How to setup ES Cluster for Specific Short Spikes

We are using ES and have a certain basic usage that is easily covered by a few nodes with 4 cores each. A few times a day we have very short high spikes (15 min) where we have to process lots of new data. Here even when we change the instance size to 32 cores we get sometimes 429 rejects because the CPU usage is unable to deal with the bulks (disk, mem, etc are not blocked). The spikes are not plannable (depend on user actions) and full performance should be available within a minute after we know it.

We can deal with this by sizing the cluster to a max, however this drives costs up by a high factor. Are there any recommended patterns how to dynamically size a cluster like this on a CPU usage up within seconds?

The shorted option I can come up with (untested) is to shutdown a node of the cluster, reboot it with the same data disks under a new machine with more resources, wait until it has recovered it's cluster state (should not take to long as it was only missing a minute) and then do it for the next one.
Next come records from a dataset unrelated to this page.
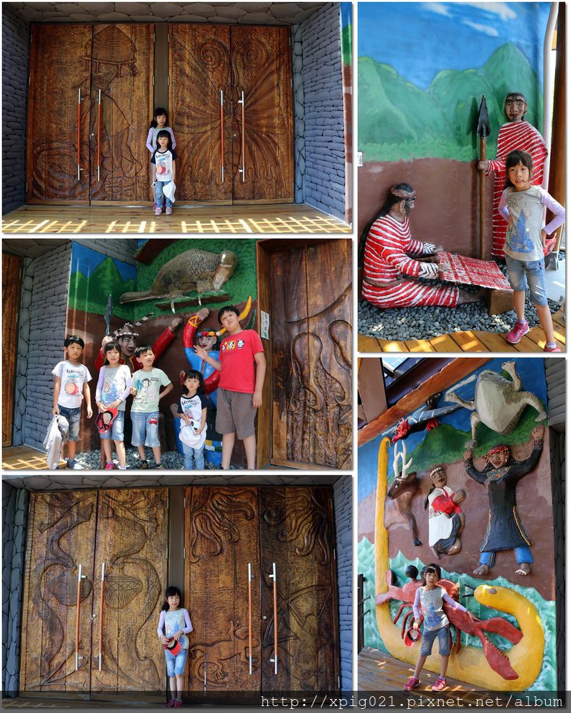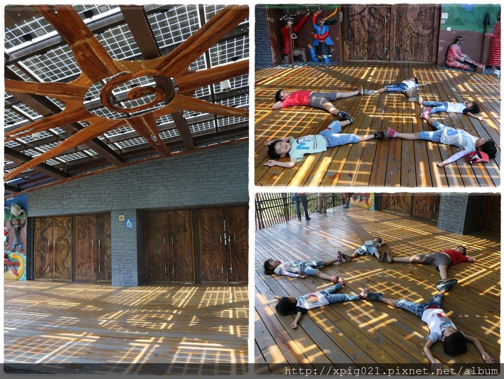 沿著斜坡走道走道一處平台..有原住民文化的布景、圖騰..
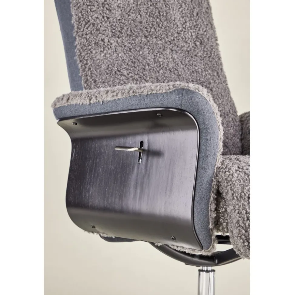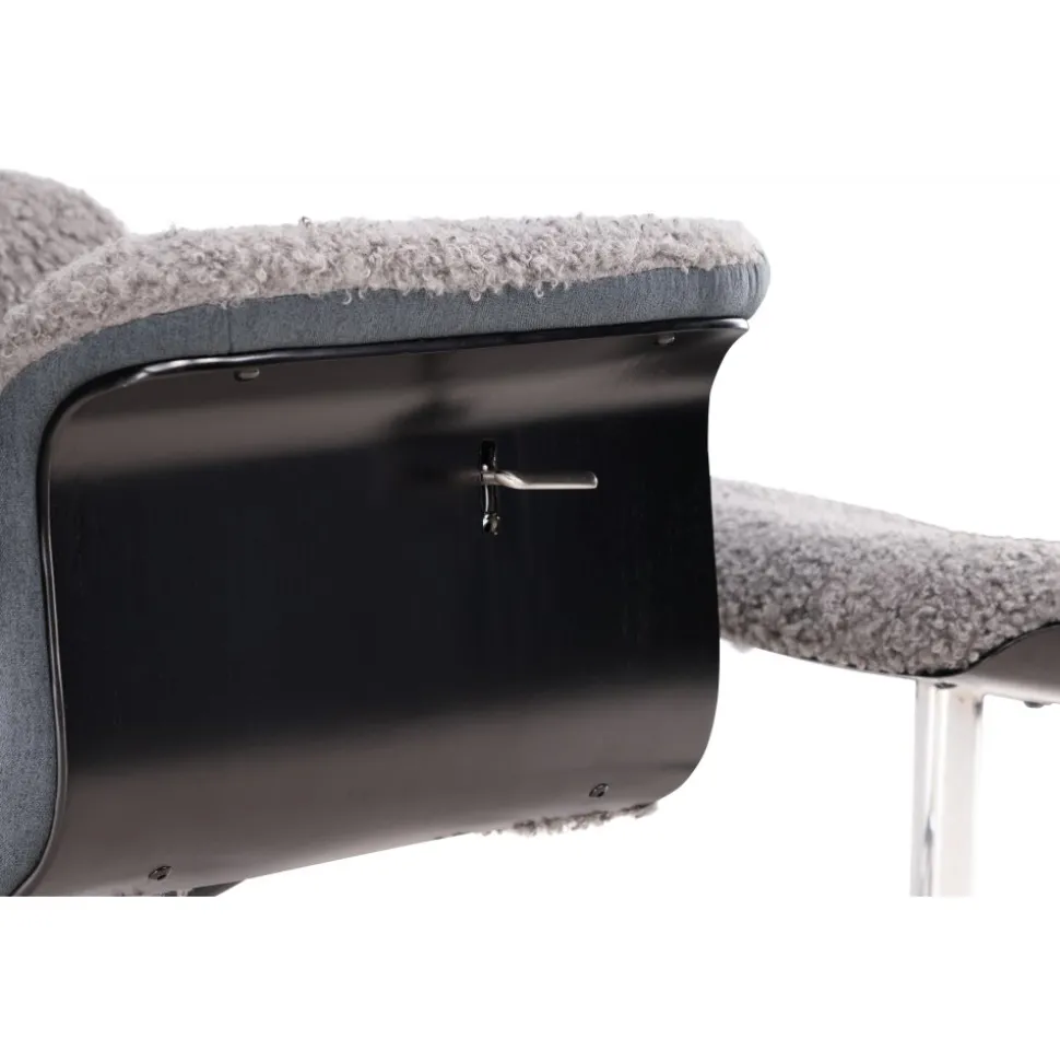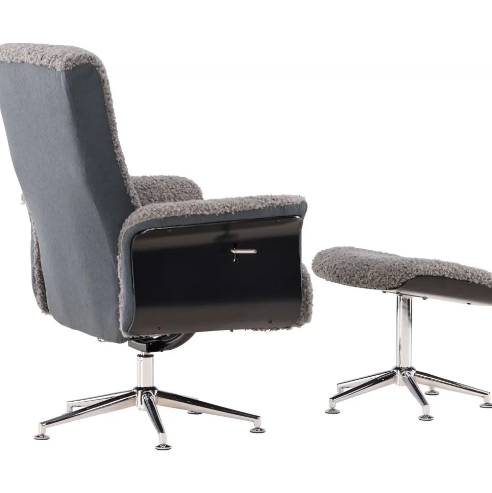 Här i grått teddy med trä på sidorna svartbetsat ekutförande samt snurrbart stativ i kromad metall för att återge ett exklusivt utseende och känsla. Recliner funktionen går att ställa och låsa i olika ställningar. Matchande fotpall ingår.
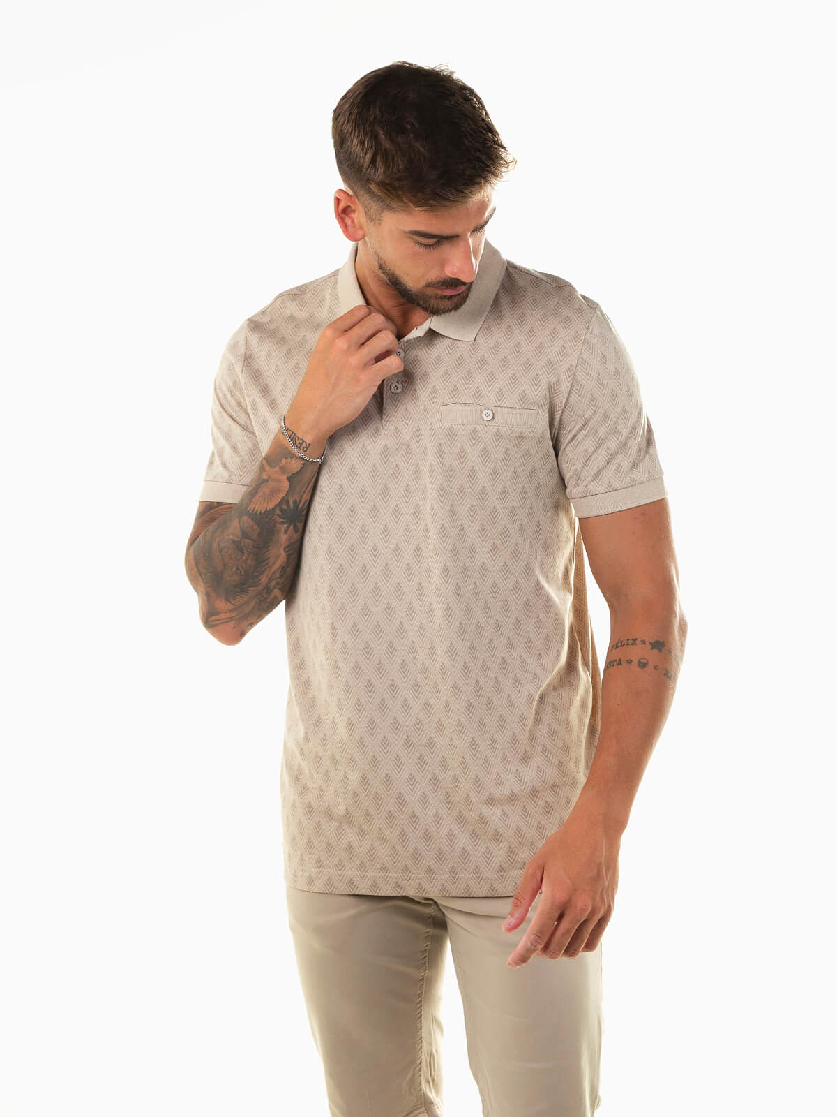 Polo de manga curta mesclado com padrão de losangos, que combina estilo e conforto num só modelo. Destaca-se pelo bolso funcional no peito, que acrescenta um toque prático e moderno ao design clássico. Carcela reforçada com 3 botões e gola clássica. Ideal para um look casual e contemporâneo.
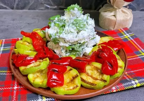 Теперь приступаем к овощам. Кабачки и перец необходимо нарезать на средние кусочки, слегка смазав их маслом. Обжаривание на гриле сделает их ароматными и аппетитными. После обжарки, овощи выкладывают в миску и приправляют оставшимися специями, перемешивая до равномерного распределения.
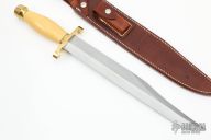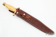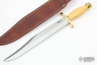 The 13" Randall Thorp Bowie by Randall Made Knives is similar to types used by Confederate troops. This one has an 13" carbon steel blade with sharpened top edge, .213" blade stock and 1.648" blade depth, hidden tang construction. The handle has a brass lugged guard and butt cap, and a yellow Westinghouse paper micarta grip with black spacers. Comes with a brown leather sheath and Randall zippered case. Excellent condition.
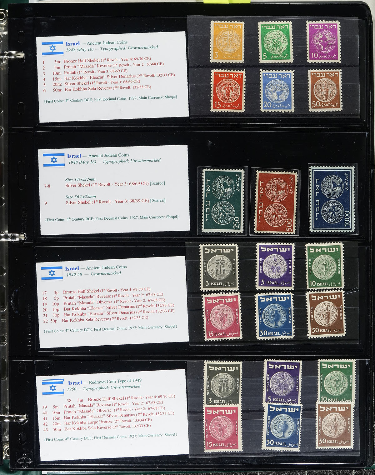 "Coins on Stamps" PART F. Lovely comprehensive topical collection containing countries ranging from I (Ireland) to J (Jordan), containing a few hundred items with representation from 10 issuing countries or states. The collection contains mint or used singles, sets, souvenir sheets, first day covers, sheetlets and more, along with well researched text detailing the relationship between philately and numismatics, with each philatelic item well identified by Scott number along with additional printing information. Just a few of the better items in this volume with Scott #s Israel 1-9 no tabs (nh, $387 total), 16 souvenir sheet (mh, $90), Italy-Trieste EY3 (nh, $80), Jordan 535-537D (mh, $51 total) along with a few items cataloguing $15 and up. Owner's older Scott catalogue value for the binder totals US$1,139.00. An exhibit worthy collection, and very fine. Estimate =
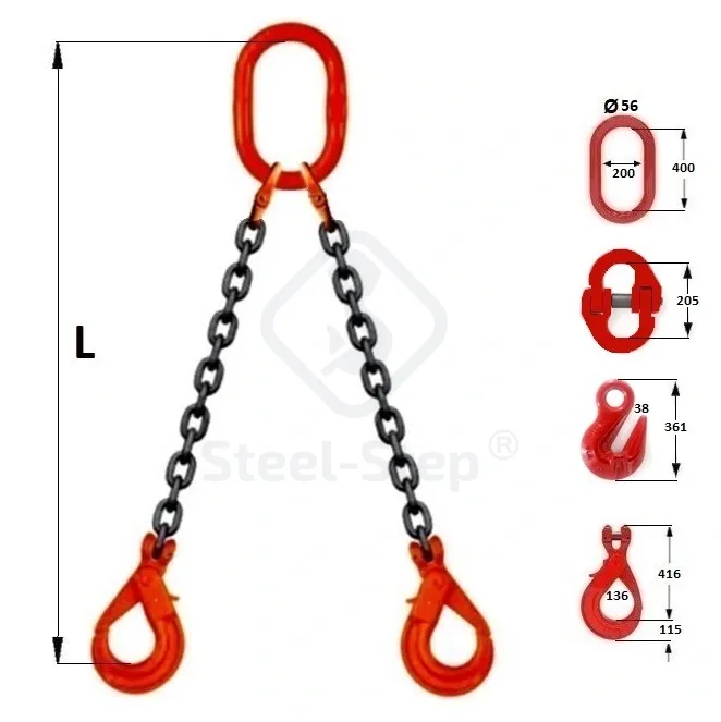 Főkategória Láncos függeszték KL32 2ág 3,5m(önzáró villás horoggal)(rövidítővel)

When load drops do the same the other way around.

  • Platform is GCE, but same pattern works for any cloud deployment.

How are you sending data to your cluster? Can you shunt the data to a queue (buffer) and then feed your cluster from the queue at a rate that it can handle?

Tin

Data is send as it is calculated, a queue is not an option (actually there is a queue right now to solve this problem), but the data should be available as fast as possible because basically people trigger an action, we do a recalculation, and results should be available as fast as possible. The calculation we can scale dynamically and within a few seconds, I'm looking for a similar way for ES.

I dunno if you will get within seconds though. ES does need some time to join and then rebalance load etc.

Autoscaling Elasticsearch, and most other data stores, is generally difficult as restartiung nodes to scale up take time and a lot of data need to be transferred if skalning out. Both these options also cause extra work for the cluster at exactly the wrong time. If there are any patterns to these user triggered actions, e.g. that they tend to occur during specific periods, it would be better to scale out the cluster in advance so that extra capacity is available during the period and then scale back.

You may also be able to more quickly increase indexing throughput by temporarily setting the number of replicas for the index to 0, but that trades away resilience for performance, which may or may not be an acceptable tradeoff.

Thanks for your replies, the "within seconds" maybe overstating it, but it should be done within the time it takes for the load to pick up. Let's say without scaling it takes 4 hours, using the higher CPU it takes 15 minutes. If now it takes 5 minutes or 10 minutes for nodes to join and then be fully available it still takes it down from 4 hours to 1hour. But the faster and more dynamic the better of course.

Regarding the replicas: The times are already without replicas, on large operations we disable replica and then replicate after the initial load is done, if a node goes down during this process we can always retrigger it.